Another popular dish at the cafe is pho, a Vietnamese soup consisting of bone broth, rice noodles, and thinly sliced meat. While this dish usually takes a significant amount of time to make, Dang has perfected his recipe and execution to be able to keep up with the high demand and constant rush of college students. “What takes 10 to 15 minutes at a restaurant, I’m serving within a minute,” Dang said. “We produce pho faster than McDonald’s can give you a burger. Isn’t that crazy?”
Dang also places a lot of importance on his partnerships with other Asian companies. Dang formed a partnership with Happy Lemon, a Taiwanese tea company that is now available at Cà Phê Đá. “Happy Lemon is a husband-and-wife team that took a chance at a franchise, and I believe in their work, so I partnered up with them,” Dang said. “And now you look around and every table is drinking Happy Lemon bubble tea.”
At Dang Good Wings and Cà Phê Đá, the sriracha is provided by first-generation Vietnamese Americans who created their own company, Fix Hot Sauce, for which Dang is a brand ambassador. “These long-term partnerships bring in a lot of value; it creates an ecosystem that supports one another, especially being Asian entrepreneurs,” Dang said.

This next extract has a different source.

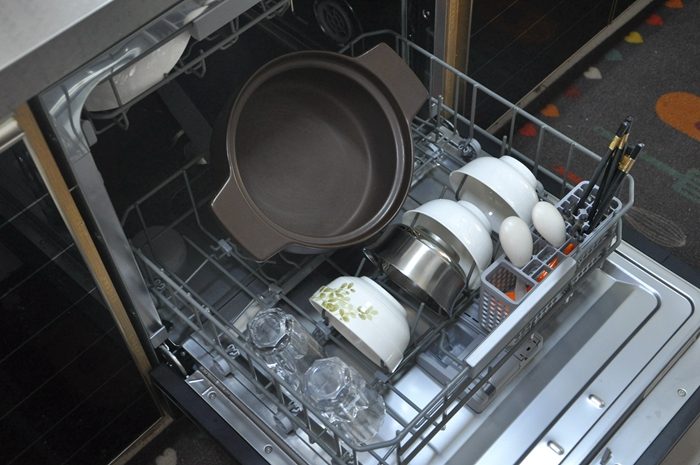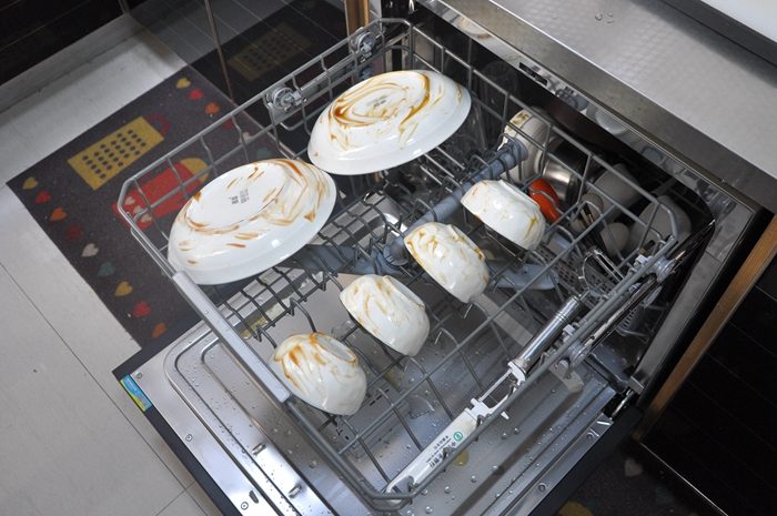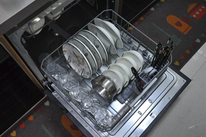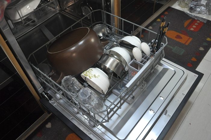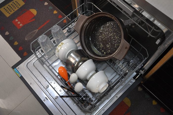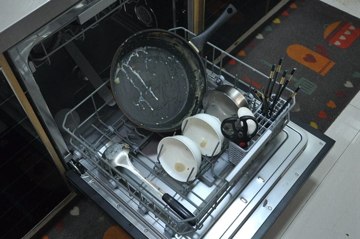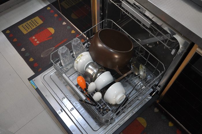 ▼好不好用当然要试过才知道,装好后的第一餐我们用砂锅熬了玉米糁,在下碗篮中放入砂锅、水杯、碗筷和勺等餐具,可以看到无论是砂锅、勺子还是铲子上都粘有大量已经凝固的食物残渣。上碗篮中放有两个深盘、四个小碗和两把削皮刀,碗盘表面我都涂抹有大量蚝油和番茄酱,两把削皮刀上有厚厚的污渍。需要注意的是把餐具放入洗碗机前需要像我这样先把大块的食物残渣清理掉,这样就不用重复清理过滤组件啦,要正确摆放碗碟才能洗得更干净彻底。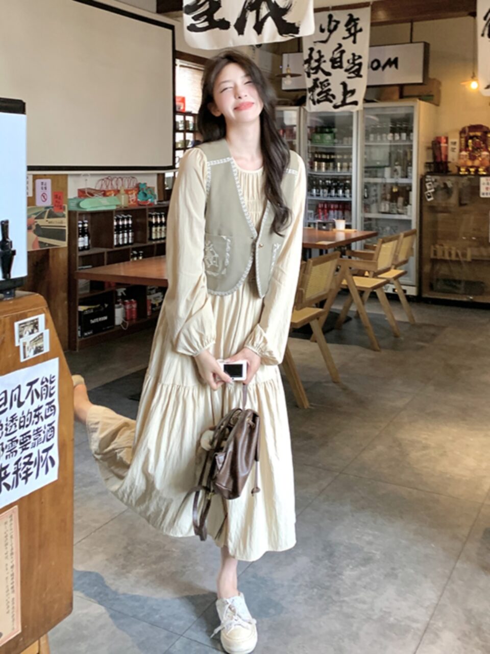 ナチュラルで個性的なコーデを楽しみたい方には、優しいオフホワイトのワンピにレトロなベストを合わせたセットがおすすめ!

Dang first came to UChicago last year to do a Lunar New Year pop-up buffet in Woodlawn Dining Commons. He also held a small cooking class for students. “I’m very fortunate and grateful to be here and be part of the University. It’s a great honor to operate my concepts here at one of the top universities in the country.”
His food has already become a big hit on campus. “As a whole, the students, staff, and faculty here have just been killing it. It’s amazing—the lines around lunchtimes are just nonstop,” Dang said. “We’re just getting our butts kicked, and it’s such a great feeling.”
Dang can be found in the kitchen at Cà Phê Đá almost every day and places particular emphasis on hospitality. “My wife and I are here to greet people and to show our team that everyone that comes here is smiling, and that’s why we’re open. So we have to create this great environment that supports it,” Dang said.
Dang hopes that the UChicago community continues to try his food as an introduction to Vietnamese cuisine. “It’s just really awesome Vietnamese food executed properly,” Dang said. “You just got to come in and give it a shot.”